6. La décision obligeant Mme B... à quitter le territoire français n’étant pas entachée d’illégalité, la requérante n’est pas fondée à demander l’annulation par voie de conséquence de celle fixant le pays de destination. Le moyen doit dès lors être écarté.

En ce qui concerne la décision portant interdiction de retour sur le territoire français :

7. En premier lieu, la décision obligeant Mme B... à quitter le territoire français n’étant pas entachée d’illégalité, la requérante n’est pas fondée à demander l’annulation par voie de conséquence de celle interdisant son retour sur le territoire français. Le moyen doit dès lors être écarté.

8. En second lieu, aux termes de l’article L. 612-8 du code de l’entrée et du séjour des étrangers et du droit d’asile : « Lorsque l’étranger n’est pas dans une situation mentionnée aux articles L. 612-6 et L. 612-7, l’autorité administrative peut assortir la décision portant obligation de quitter le territoire français d’une interdiction de retour sur le territoire français. / Les effets de cette interdiction cessent à l’expiration d’une durée, fixée par l’autorité administrative, qui ne peut excéder deux ans à compter de l’exécution de l’obligation de quitter le territoire français ». Aux termes de l’article L. 612-10 du même code : « Pour fixer la durée des interdictions de retour mentionnées aux articles L. 612-6 et L. 612-7, l’autorité administrative tient compte de la durée de présence de l’étranger sur le territoire français, de la nature et de l’ancienneté de ses liens avec la France, de la circonstance qu’il a déjà fait l’objet ou non d’une mesure d’éloignement et de la menace pour l’ordre public que représente sa présence sur le territoire français. / Il en est de même pour l’édiction et la durée de l’interdiction de retour mentionnée à l’article L. 612-8 ainsi que pour la prolongation de l’interdiction de retour prévue à l’article L. 612-11 ».

9. Il ressort des dispositions précitées que la durée de l’interdiction de retour est déterminée en tenant compte de la durée de présence de l’étranger sur le territoire français, de la nature et de l’ancienneté de ses liens avec la France, de la circonstance qu’il a déjà fait l’objet ou non d’une mesure d’éloignement et de la menace pour l’ordre public que représente sa présence sur le territoire français. Il ressort des pièces du dossier que si Mme B... ne constitue pas une menace à l’ordre public, ni n’a fait l’objet d’une précédente mesure d’éloignement, elle ne justifie d’attaches en France qu’avec sa sœur et les enfants de celle-ci et s’est maintenue pendant plus de cinq ans en situation irrégulière.
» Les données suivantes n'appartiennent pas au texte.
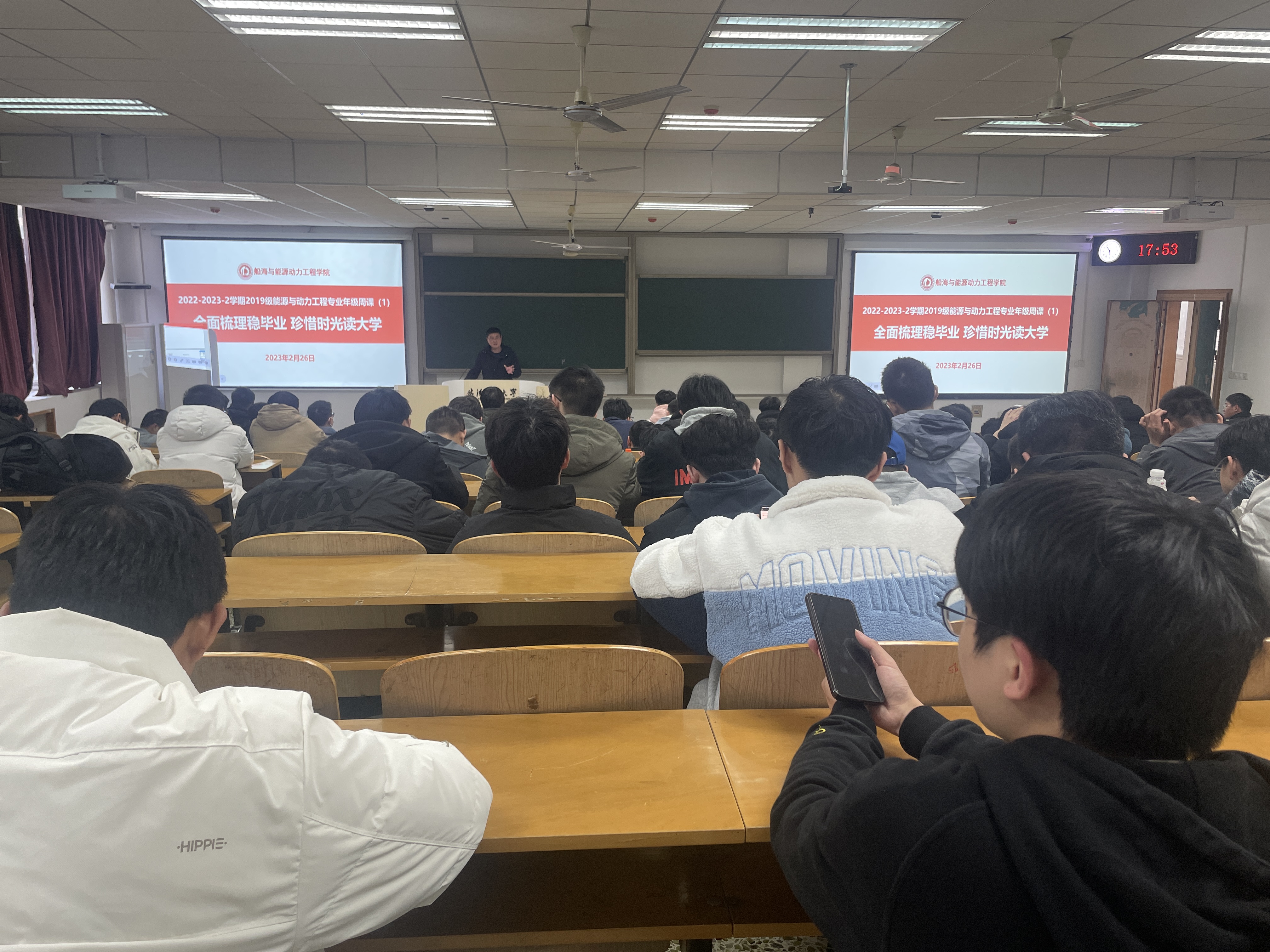 2月26日晚,船海能動學院2019級能源與動力工程專業輔導員宋曉維老師在航海樓401教室以“全面梳理穩畢業珍惜時光讀大學”為主題為全體2019級能源與動力工程專業的學生講授了開學第一課。

Ainsi, le préfet du Nord n’a pas méconnu les dispositions des articles L. 612-8 et L. 612-10 du code de l’entrée et du séjour des étrangers et du droit d’asile en prononçant à son encontre une interdiction de retour sur le territoire français d’une durée d’un an.
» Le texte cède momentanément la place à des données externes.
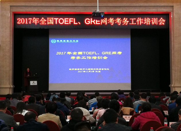 由教育部考试中心主办的“2017年全国托福、GRE考务工作培训会”于11月1-3日在北京成功举行。教育部考试中心国际交流与合作处处长张进,公安部考试安全工作有关部门负责人,考试部考试中心党委副书记兼纪委书记李光明以及来自全国140多个托福、GRE考点的代表出席本次会议。公司托福GRE考试中心负责人马兰、王佐老师应邀参加了本次会议。开幕式由教育部考试中心国际交流与合作处副处长韩雁主持。

10. Il résulte de tout ce qui précède que les conclusions à fin d’annulation présentées par Mme B... doivent être rejetées. Par voie de conséquence, les conclusions à fin d’injonction et celles présentées au titre des articles L. 761-1 du code de justice administrative et 37 de la loi du 10 juillet 1991 doivent l’être également.


D E C I D E :



Article 1er : La requête de Mme B... est rejetée.

Article 2 : Le présent jugement sera notifié à Mme A... B... et au préfet du Pas-de-Calais.
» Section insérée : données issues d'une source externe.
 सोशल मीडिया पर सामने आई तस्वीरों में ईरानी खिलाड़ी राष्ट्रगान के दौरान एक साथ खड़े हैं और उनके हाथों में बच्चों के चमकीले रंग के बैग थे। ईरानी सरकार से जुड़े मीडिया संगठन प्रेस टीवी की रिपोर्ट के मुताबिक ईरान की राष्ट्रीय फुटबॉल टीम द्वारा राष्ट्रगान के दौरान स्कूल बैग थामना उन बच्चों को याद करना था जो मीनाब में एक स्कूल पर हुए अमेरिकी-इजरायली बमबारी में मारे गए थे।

Délibéré après l’audience du 3 mars 2026, à laquelle siégeaient :

Mme Leguin, présidente,
Mme Piou, première conseillère,
M. Perrin, premier conseiller.


Rendu public par mise à disposition au greffe le 24 mars 2026.


Le rapporteur,
Signé
D. Perrin
La présidente
Signé
AM. Leguin

La greffière,
Signé
C. Calin




La République mande et ordonne au préfet du Pas-de-Calais en ce qui le concerne ou à tous commissaires de justice à ce requis en ce qui concerne les voies de droit commun contre les parties privées, de pourvoir à l’exécution de la présente décision.